Activity
Output, exactly as written, the lines below from the one that has "1인이 사용하는 단독형의" through the one that has "Стильний спорт костюм"; nothing else, and no pictures.

[[ Materials provided open ]]

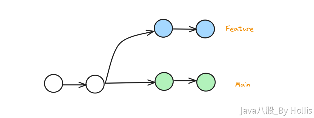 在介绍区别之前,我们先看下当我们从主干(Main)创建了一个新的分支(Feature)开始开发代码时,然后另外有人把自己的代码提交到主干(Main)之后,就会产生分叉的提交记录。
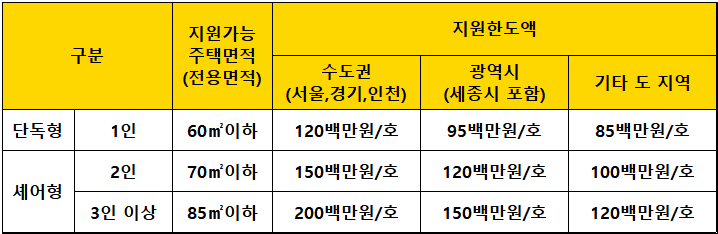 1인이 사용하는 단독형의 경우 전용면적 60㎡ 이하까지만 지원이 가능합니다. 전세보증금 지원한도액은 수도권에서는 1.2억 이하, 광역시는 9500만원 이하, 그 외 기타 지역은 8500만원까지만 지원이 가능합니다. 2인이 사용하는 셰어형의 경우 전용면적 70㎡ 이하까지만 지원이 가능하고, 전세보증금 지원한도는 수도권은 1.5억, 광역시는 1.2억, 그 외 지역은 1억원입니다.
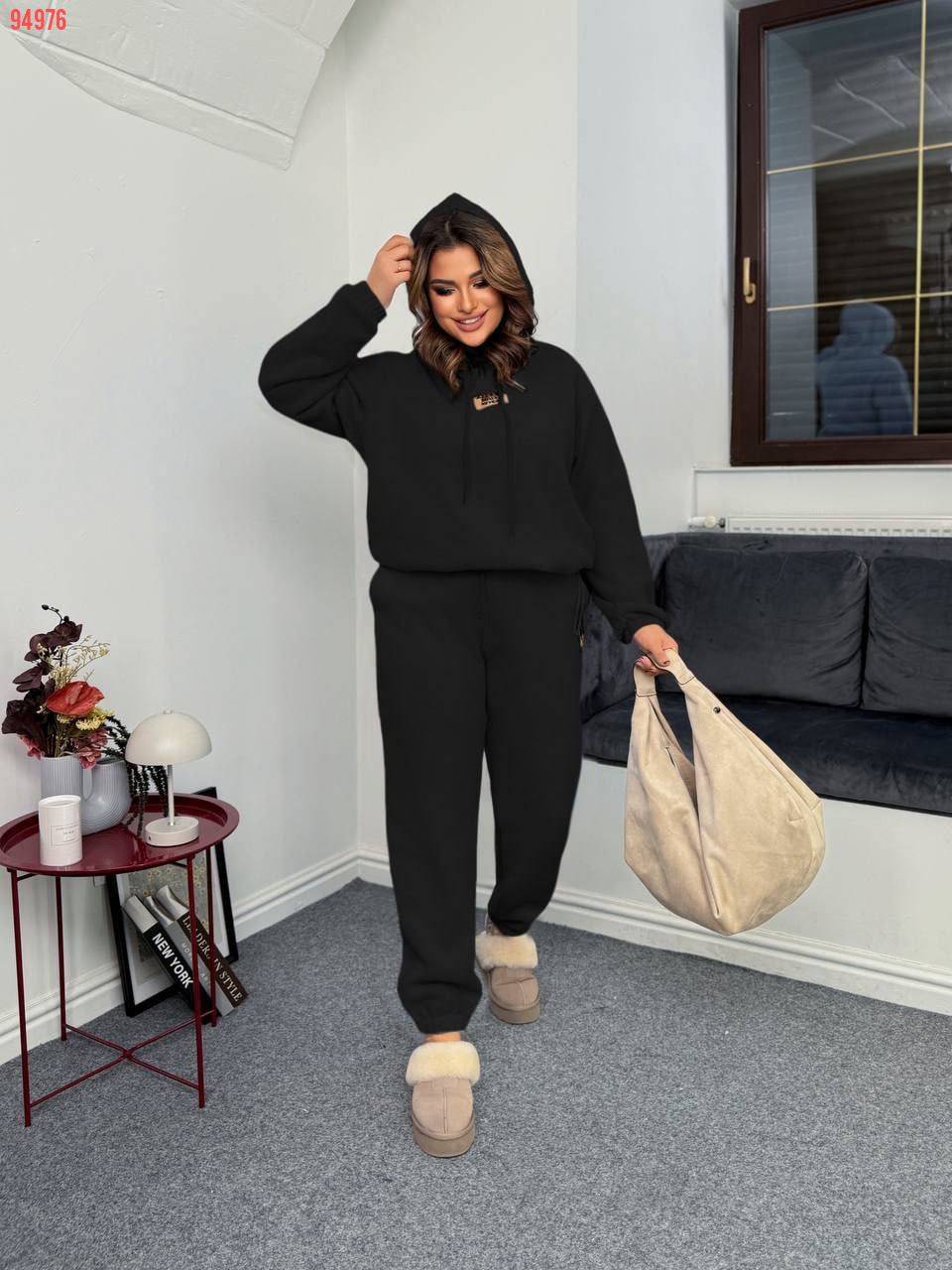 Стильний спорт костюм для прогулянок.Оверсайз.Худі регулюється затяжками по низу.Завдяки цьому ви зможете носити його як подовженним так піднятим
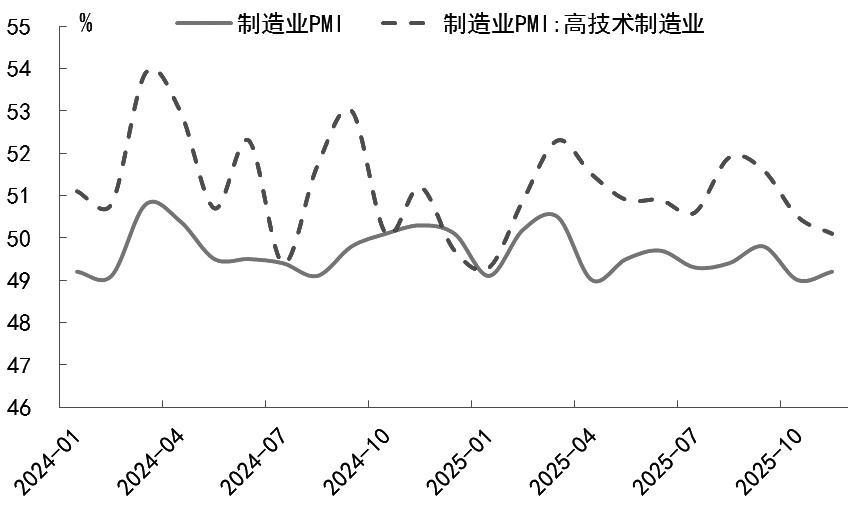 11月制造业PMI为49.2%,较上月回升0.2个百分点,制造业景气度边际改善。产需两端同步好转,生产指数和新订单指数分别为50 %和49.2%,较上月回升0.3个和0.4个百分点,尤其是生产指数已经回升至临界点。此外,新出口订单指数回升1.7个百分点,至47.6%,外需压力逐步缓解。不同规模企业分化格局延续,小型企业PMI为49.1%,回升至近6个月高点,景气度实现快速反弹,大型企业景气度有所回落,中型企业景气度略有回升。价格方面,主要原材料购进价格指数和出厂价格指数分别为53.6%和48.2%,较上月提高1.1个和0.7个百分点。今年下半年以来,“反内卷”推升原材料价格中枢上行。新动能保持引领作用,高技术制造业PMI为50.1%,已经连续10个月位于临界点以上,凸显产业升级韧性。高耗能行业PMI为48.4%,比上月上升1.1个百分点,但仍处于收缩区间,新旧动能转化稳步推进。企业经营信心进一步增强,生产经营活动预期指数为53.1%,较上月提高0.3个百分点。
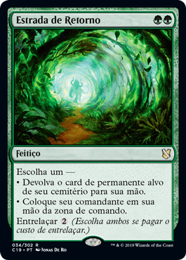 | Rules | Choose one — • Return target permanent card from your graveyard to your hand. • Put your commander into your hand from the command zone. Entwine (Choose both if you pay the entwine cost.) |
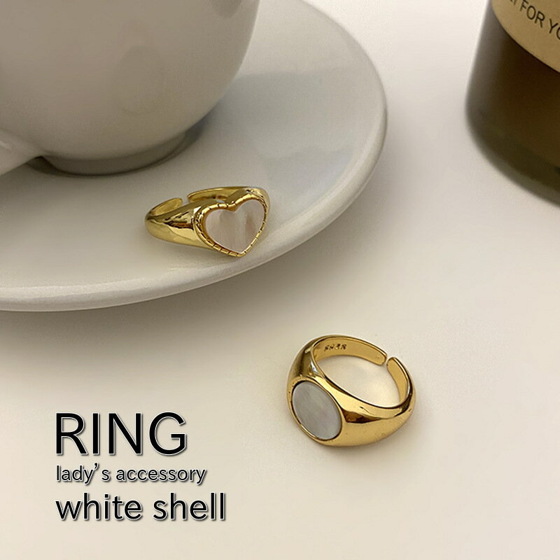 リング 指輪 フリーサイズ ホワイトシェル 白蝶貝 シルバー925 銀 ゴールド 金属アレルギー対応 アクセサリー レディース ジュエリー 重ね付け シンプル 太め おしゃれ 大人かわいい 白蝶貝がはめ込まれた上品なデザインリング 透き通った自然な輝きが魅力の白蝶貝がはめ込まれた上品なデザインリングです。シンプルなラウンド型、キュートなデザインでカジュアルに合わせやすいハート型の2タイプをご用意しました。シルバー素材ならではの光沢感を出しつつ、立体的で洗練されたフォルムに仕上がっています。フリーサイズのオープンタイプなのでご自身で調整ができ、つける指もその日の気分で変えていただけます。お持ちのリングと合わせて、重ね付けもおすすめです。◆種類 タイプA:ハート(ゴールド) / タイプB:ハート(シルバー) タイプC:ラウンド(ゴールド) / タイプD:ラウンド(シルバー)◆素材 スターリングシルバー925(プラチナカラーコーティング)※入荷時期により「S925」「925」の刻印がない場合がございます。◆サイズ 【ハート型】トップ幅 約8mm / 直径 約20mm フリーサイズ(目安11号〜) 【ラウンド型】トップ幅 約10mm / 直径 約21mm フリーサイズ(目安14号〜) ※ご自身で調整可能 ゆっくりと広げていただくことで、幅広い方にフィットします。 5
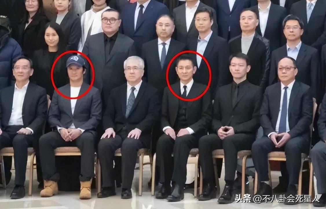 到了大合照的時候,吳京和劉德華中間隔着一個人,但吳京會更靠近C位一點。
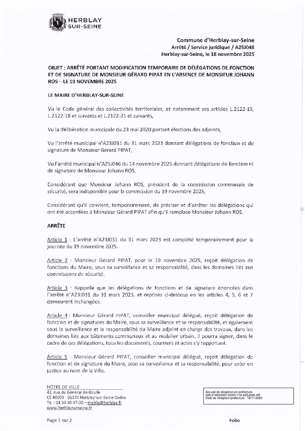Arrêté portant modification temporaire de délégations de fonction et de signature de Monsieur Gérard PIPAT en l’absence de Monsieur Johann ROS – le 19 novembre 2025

[[ Materials provided closed ]]
[[ Materials provided open ]]

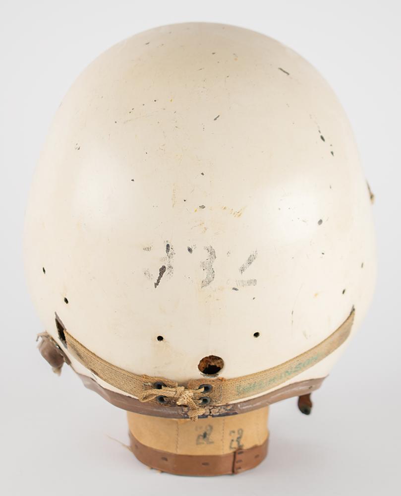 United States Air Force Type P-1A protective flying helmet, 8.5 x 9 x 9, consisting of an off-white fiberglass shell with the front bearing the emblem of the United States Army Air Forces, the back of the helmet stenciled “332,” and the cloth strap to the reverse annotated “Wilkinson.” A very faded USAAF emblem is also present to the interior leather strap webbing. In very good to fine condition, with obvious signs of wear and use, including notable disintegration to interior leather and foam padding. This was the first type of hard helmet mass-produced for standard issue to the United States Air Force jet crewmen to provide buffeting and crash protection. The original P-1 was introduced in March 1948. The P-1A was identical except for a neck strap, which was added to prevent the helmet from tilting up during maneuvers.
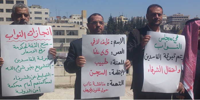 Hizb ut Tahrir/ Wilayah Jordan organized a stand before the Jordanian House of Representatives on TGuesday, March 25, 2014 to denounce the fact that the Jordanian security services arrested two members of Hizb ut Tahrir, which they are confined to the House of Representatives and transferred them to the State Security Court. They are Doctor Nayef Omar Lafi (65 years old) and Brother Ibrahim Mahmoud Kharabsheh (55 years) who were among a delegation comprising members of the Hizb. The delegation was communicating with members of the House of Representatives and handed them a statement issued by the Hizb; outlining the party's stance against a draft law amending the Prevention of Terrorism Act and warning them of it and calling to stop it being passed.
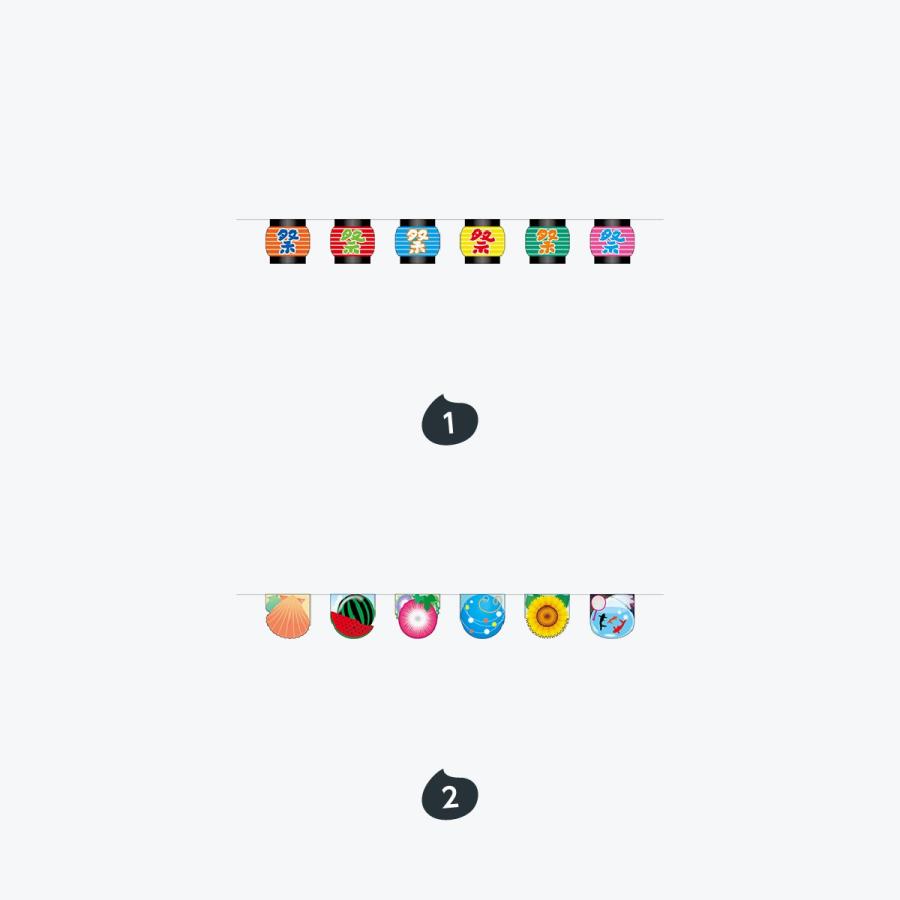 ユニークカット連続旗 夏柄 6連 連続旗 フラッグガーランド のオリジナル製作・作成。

[[ Materials provided closed ]]

Solution to this task
 1인이 사용하는 단독형의 경우 전용면적 60㎡ 이하까지만 지원이 가능합니다. 전세보증금 지원한도액은 수도권에서는 1.2억 이하, 광역시는 9500만원 이하, 그 외 기타 지역은 8500만원까지만 지원이 가능합니다. 2인이 사용하는 셰어형의 경우 전용면적 70㎡ 이하까지만 지원이 가능하고, 전세보증금 지원한도는 수도권은 1.5억, 광역시는 1.2억, 그 외 지역은 1억원입니다.
 Стильний спорт костюм для прогулянок.Оверсайз.Худі регулюється затяжками по низу.Завдяки цьому ви зможете носити його як подовженним так піднятим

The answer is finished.